Sorry for asking you doing and re-doing renames and docs, but I think we should better use "percent" than "velocity".

The reason is that after fixing #7159, there should be a single cap, maxSegmentsToMove. There should also be a configuration parameter that specifies what percent of that movement cap may be spent (at maximum) on segment loading and dropping (this is currently specified by a separate config replicationThrottleLimit). For that (future) configuration, I want to use "percent", (for example, "minGuaranteedBalancingMovesPercent"), because I think that 10% step (as in "velocity") might not be precise enough, and because "velocity" is simply not the right term for this situation.

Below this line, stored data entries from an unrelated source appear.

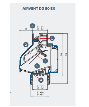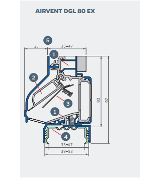 Airvent DG / DGL 80 (EX) is an 80mm glazed in vent with flat or hooded options. When you need a glazed in vent that can offer great performance and can cope with glazing thicknesses up to 47mm this is your choice.
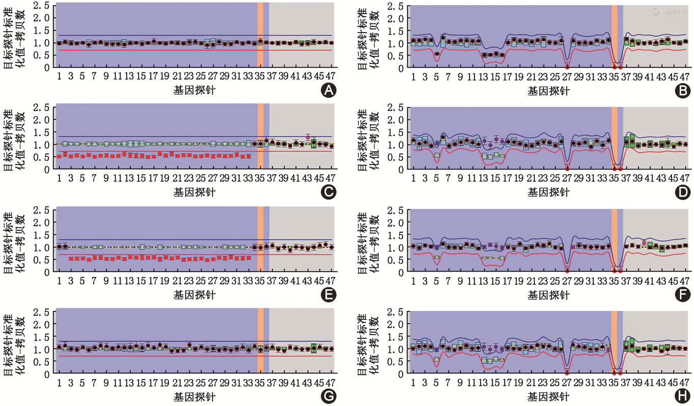 注:横坐标为基因探针(1为TUBGCP5-8;2为NIPA1-3;3为MKRN3-1;4为MAGEL2-1;5为MAGEL2-1;6为NDN-1;7为SNRPN-u1b;8为SNRPN-u1b;9为SNRPN-Intr.u2;10为SNRPN-Intr.u2;11为SNRPN-u5;12为SNRPN-u5;13为SNRPN-5;14为SNRPN-3;15为SNRPN-3;16为SNRPN-3;17为SNRPN-3;18为SNRPN-7;19为SNRPN-HB2-85-SNORD;20为SNRPN-HB2-85-SNORD;21为SNRPN-HB2-85-SNORD;22为UBE3A-9;23为UBE3A-4;24为UBE3A-3;25为UBE3A-2;26为UBE3A-1;27为UBE3A-1;28为ATP10A-15;29为ATP10A-1;30为GABRB3-9;31为GABRB3-7;32为OCA2-23;33为OCA2-3;34为APBA2-14;35为SLC9A2-2;36为ITSN1-12;37~47为参考探针)。浅蓝色方框代表通过对照样本所绘制的该探针拷贝数或甲基化的95%CI;实心圆代表目的探针,上下端线为该探针拷贝数或甲基化的最高和最低范围;平行红色及蓝色线条代表探针的拷贝数或甲基化的边界,高于此边界表示拷贝数或甲基化增多,低于此边界表示拷贝数或甲基化减少
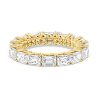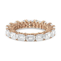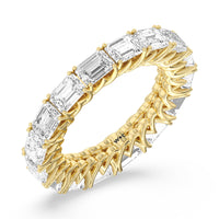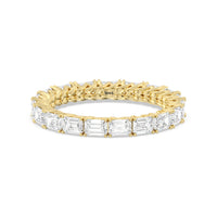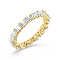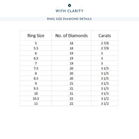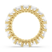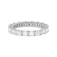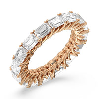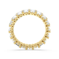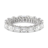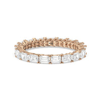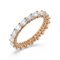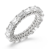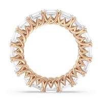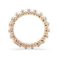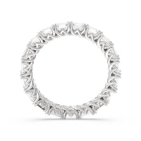Beautiful trellis prongs form a gallery that elevates each stone to give this Eternity ring a beautiful sparkle. The stone setting lets all the diamonds get enough play of light for an unmatched brilliance that is sure to catch second looks and admiration for your impeccable choice.
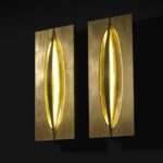 The high-end designer finish lends a contemporary feel to this earth centered collection. Simplicity and detail are key for these sconces. The vertical blade and curved glass allow for excellent light distribution, while the burnished brass and gold leaf finish give it a distinct orientation. LED lit, these sconces are not only beautiful but energy efficient.
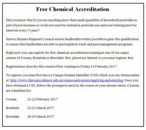 Free Chemical Accreditation - Cooma Feb 2017

Now, there is an observation that moving segments away from decommissioning nodes looks very much like a temporary "drop" rule "for servers". For this reason, I want the configurations that specify min guaranteed balancing quota and max 'decommissioning' movement quota to use the same units.

The other reason why percent may be preferable is that we don't need to explain what that are with ceil, / 10 etc. Everybody knows what percent are. So it's less likely that users specify a wrong number because they misinterpret the units (e. g. they specify decommissioningVelocity=10 because they think that the velocity is actually expressed in percent. I. e. they wanted decommissioningVelocity=1).

Specifically, I suggest this configuration be called "maxPercentOfDecommissioningMoves". It doesn't follow the prefix principle. "decommisioningMaxPercentOfMoves" is probably also acceptable, but because of strange word order, it's less understandable.

I fully agree, I was considering this as well and think it is a lot more intuitive.

I'll suggest decommissioningMaxSegmentsToMovePercent:

keeps the decommissioning prefix

has MaxSegmentsToMove in the name, showing that the parameters are related

placement of Percent follows MaxSegmentsToMove to show what the percent applies to

Ah,decommissioningMaxSegmentsToMovePercent sounds good to me, will go with that.

I suggest "decommissioningMaxPercentInMaxSegmentsToMove", because there are two different maximums in play here:

The maximum percent: the specified percent is "maximum" because it doesn't need to be satisfied. E. g. if there are no decommissioning nodes the actual percentage will be zero.

The maximum segments to move.

would 'of' instead of 'in' be better, decommissioningMaxPercentOfMaxSegmentsToMove? Also, this seems a bit long, but then again it's not so much longer than decommissioningMaxSegmentsToMovePercent...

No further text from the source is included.